Yoko Ono, Hayley Newman and Judy Chicago are among the artists gathered to praise Pussy Riot by curator Tamsyn Challenger.
• Summerhall, Edinburgh, until 23 September.
John Keane
Savage political art by a painter with a punk spirit whose targets include Tony Blair, Vladimir Putin and Stalin.
• Summerhall, Edinburgh, until 23 September.
Jacob’s Ladder
An inspiring look at how contemporary artists including Cornelia Parker and Katie Paterson translate astronomy into art.
• Ingleby Gallery, Edinburgh, until 20 October.
The Great Spectacle
Last chance to see a historical survey of (nearly) 250 years of the Royal Academy’s summer show, from Thomas Gainsborough to Tracey Emin.
• Royal Academy, London, until 19 August.
Masterpiece of the week
This sensual nude was painted about 40 years after Botticelli’s Birth of Venus, and the difference between the two shows how rapidly art was revolutionised in the Renaissance. Botticelli’s Venus is a chaste goddess. Titian’s Venus is a woman, painted from life. She looks more like she’s in the bath than the sea. Her salty toilette is created with unabashed pleasure by an artist for whom painting was a sexual act.

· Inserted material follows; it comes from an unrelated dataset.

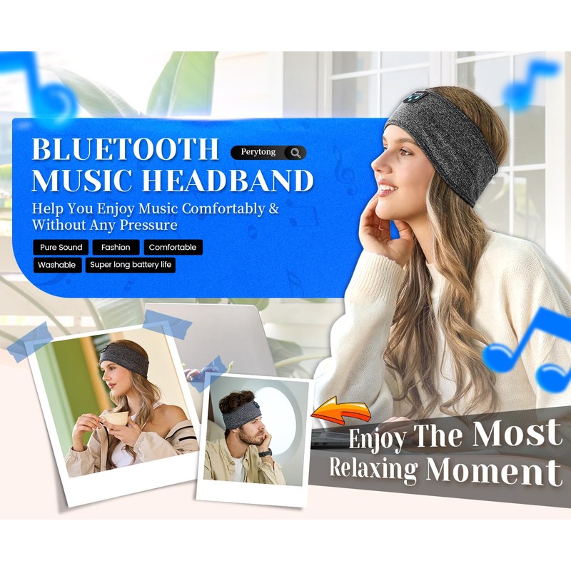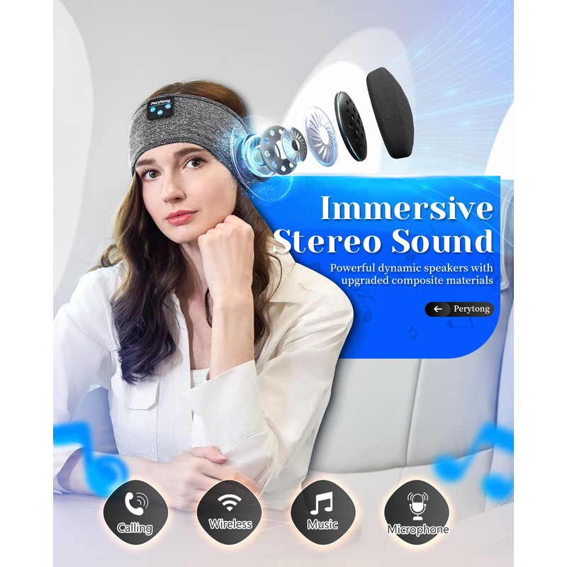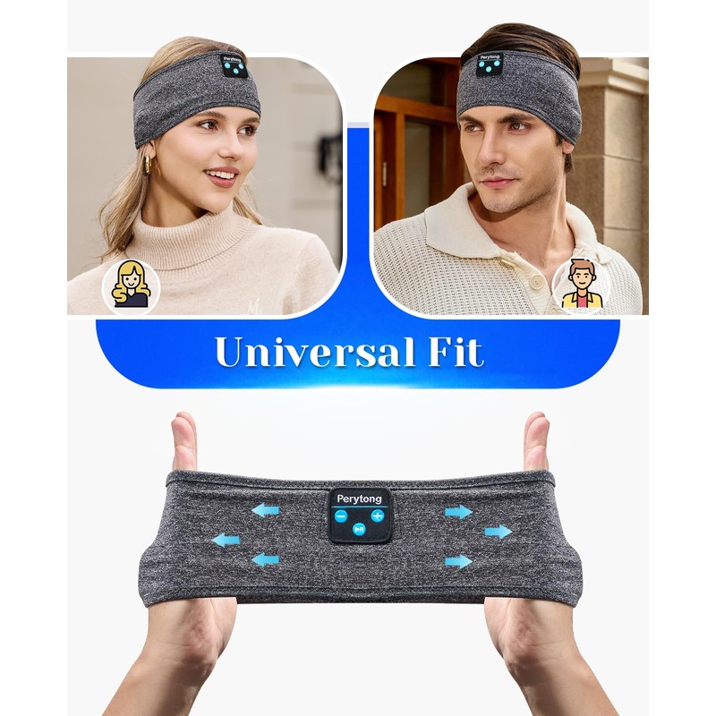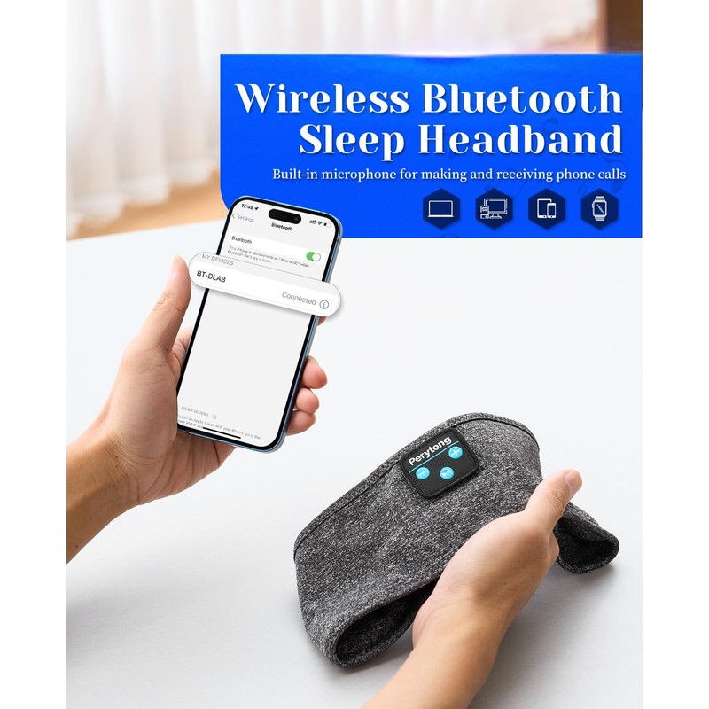 - 【HD Hi Fi Audio Sound & Bluetooth-compatible】 Perytong sleep headphones built in stereo speaker and microphone,provide high quality digital sound.Bluetooth headband headphones for sleeping offer a range of up to 45 feet,sleep headband will connect to any bluetooth phone or portable device.The sleep mask with bluetooth headphones not only gives users attractive & stylish look,but also bring them superior sound quality when sleeping,running,or practicing yoga.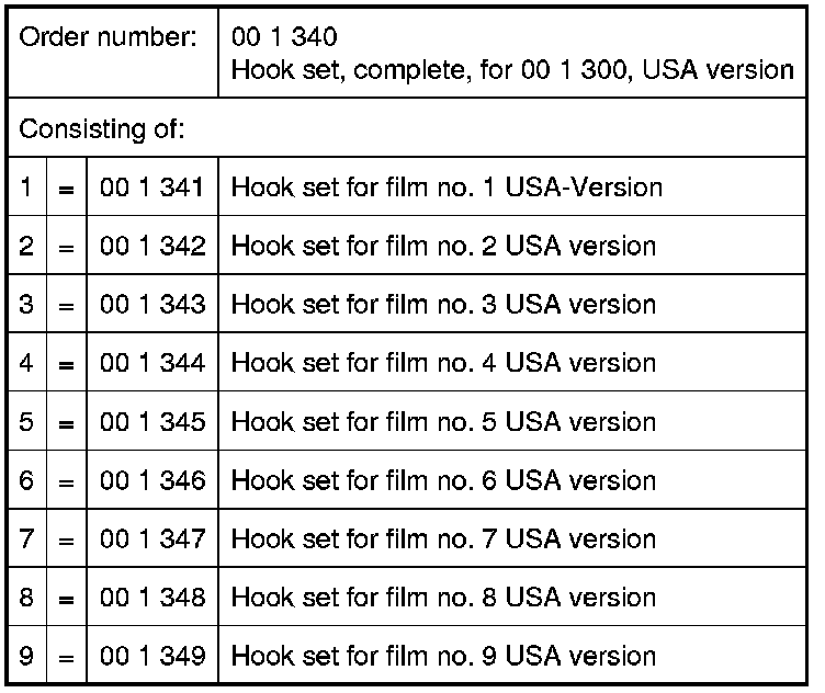 00 1 340 Hook set, complete, for 00 1 300, USA version

• Scottish National Gallery, Edinburgh.
Image of the week
“I wanted to focus on Grace’s masculinity – to use what other people thought an embarrassment, and turn it around to her advantage. I wanted to create – with her, of course – a new character. It went beyond just a haircut, it was an attitude. It was new and strong and ambiguous. You didn’t know if it was a man trying to be a girl or a girl trying to be a man. It was a revolution. I remember the A&R guys at Island saying, ‘Are you fucking crazy? This is never going to work.’ And of course it did.” Artist Jean-Paul Goude remembers the co-creation of Grace Jones’s One Man Show.
What we learned
The Royal Photographic Society wants to reward a ‘hundred heroines’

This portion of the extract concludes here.